Oleh Dubyna, chairman of Ukraine's state energy firm, Naftogaz, appeared to improve the offer later in the day, saying at a news conference that the firm was willing to pay $235 per 1,000 cubic meters of gas.

Russian Prime Minister Vladimir Putin had set a price of $250, describing it as a "humanitarian" gesture to a neighbor during an economic crisis. But Gazprom chief executive Alexei Miller said Thursday that the company was now asking for $418 because Ukraine had turned down that offer.

Gazprom's European customers generally pay more than $400, though gas prices are expected to fall sharply in the spring because they are tied to the price of oil, which has plummeted.

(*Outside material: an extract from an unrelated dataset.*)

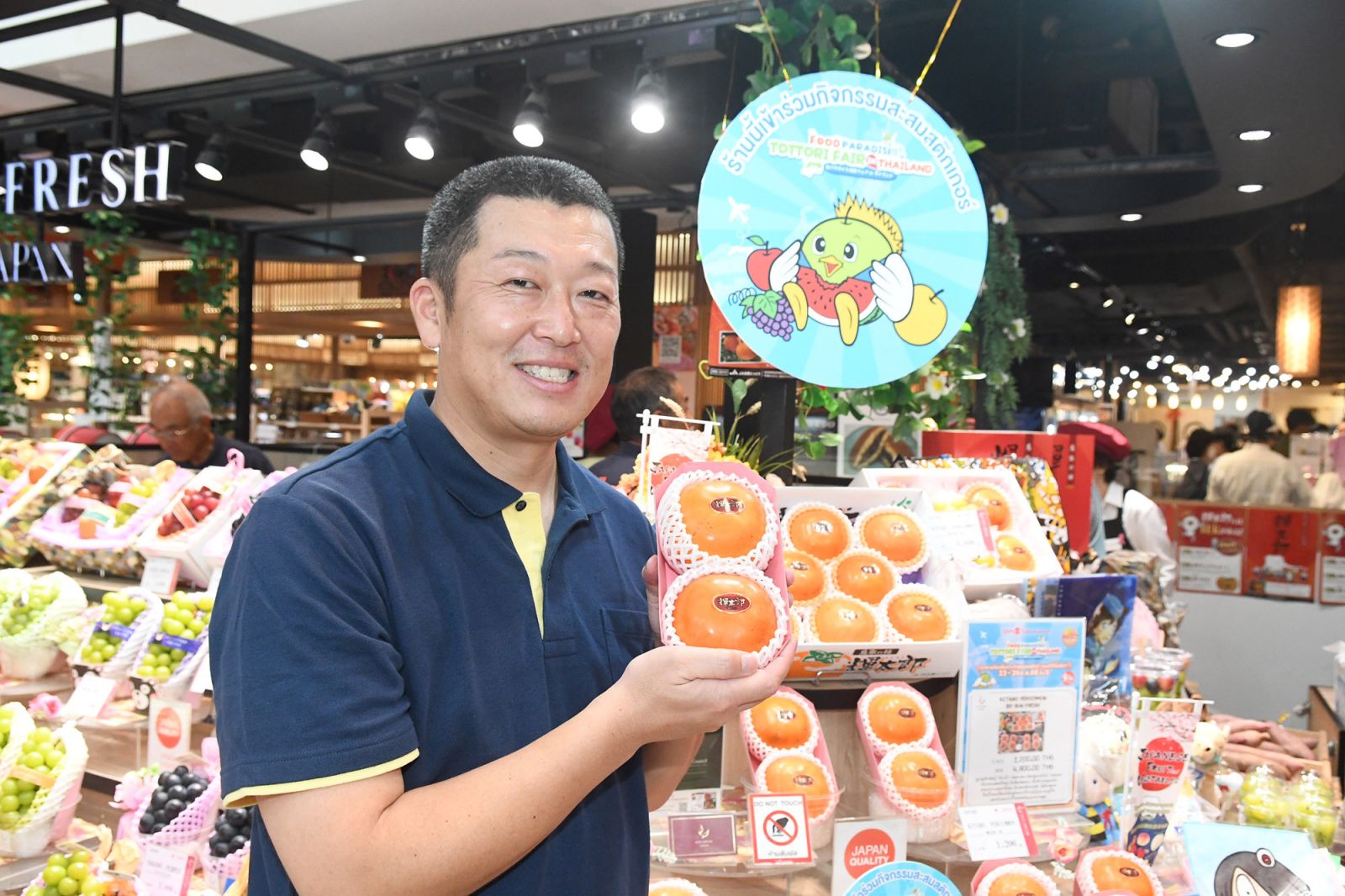 นอกจากยังมีผลิตภัณฑ์จากจังหวัดทตโตะริ มาจำหน่ายมากมาย เช่น Chiyomusubi Junmai Ginjo Goriki50 สาเกหมักจากข้าวสายพันธุ์โกริกิ มีกลิ่นหอมละมุน รสชาติกลมกล่อมพร้อมสมดุลของอูมามิกับความเปรี้ยว, เบ็นเท็นมุสุเมะ จุนไมกิงโจ ทามะซะกาเอะ เป็นสาเกจุนไมกิงโจที่เกิดจากการหมักตามธรรมชาติ ให้รสชาติกลมกล่อมใสสะอาด พร้อมความสมดุลของความเปรี้ยวอ่อน ๆ ดื่มง่ายและอ่อนโยนต่อร่างกาย ราวกับเป็น “ไวน์ญี่ปุ่น” เลยครับ อีกหนึ่งผลิตภัณฑ์ขึ้นชื่อคือ ลูกพลับพันธุ์ “KITARO” ส่งตรงจากจังหวัดทตโตะริ มีผลขนาดใหญ่ ผิวสีส้มสดสวย เนื้อสีทองนุ่มแน่น มีรสชาติหวานจัด ทานสดได้ ไม่มีรสฝาด ลูกพลับจากทตโตะริถือเป็นผลไม้พรีเมียมหายากที่ชาวญี่ปุ่นภาคภูมิใจและนิยมมอบเป็นของขวัญคุณภาพสูง

Putin has condemned Ukraine's attempt to charge more for use of its pipelines, arguing that fees were set in a separate contract that remains in effect until 2010. Gazprom pays $1.70 for every 1,000 cubic meters of gas delivered through 62 miles of pipeline, a rate it says is "comparable" to what it pays other European countries.

But Yushchenko and Tymoshenko said the fee is half what others charge, and they demanded it be raised to $2 to cover the cost of maintaining the pipelines. Dubyna later said Ukraine would accept $1.80.

Sergei Kupriyanov, a spokesman for Gazprom, said the fee was not negotiable. "The transit agreement was signed, the rate is set and there is nothing more to discuss," he told Echo Moskvy radio. He added that Gazprom was doing all it could to avoid a disruption in supplies for Europe but complained that Ukraine was refusing to let auditors determine whether it was stealing supplies meant for Europe.

Dubyna said Ukraine was not legally required to do so. He acknowledged that Naftogaz was siphoning off some gas intended for Europe but said that was only to maintain pressure in the pipeline and ensure smooth delivery. Ukraine has repeatedly pledged not to disrupt deliveries to Europe.

Kupriyanov also accused Ukraine of provoking the crisis for political reasons, a charge that was made repeatedly Thursday by pundits on state-controlled media.

"It's not a question of the conditions or prices that were discussed," he said. "The purpose was to drag out the conflict to the utmost, to start the new year without contracts, without deliveries. . . . Any problems are to their benefit because they can shift the blame on us."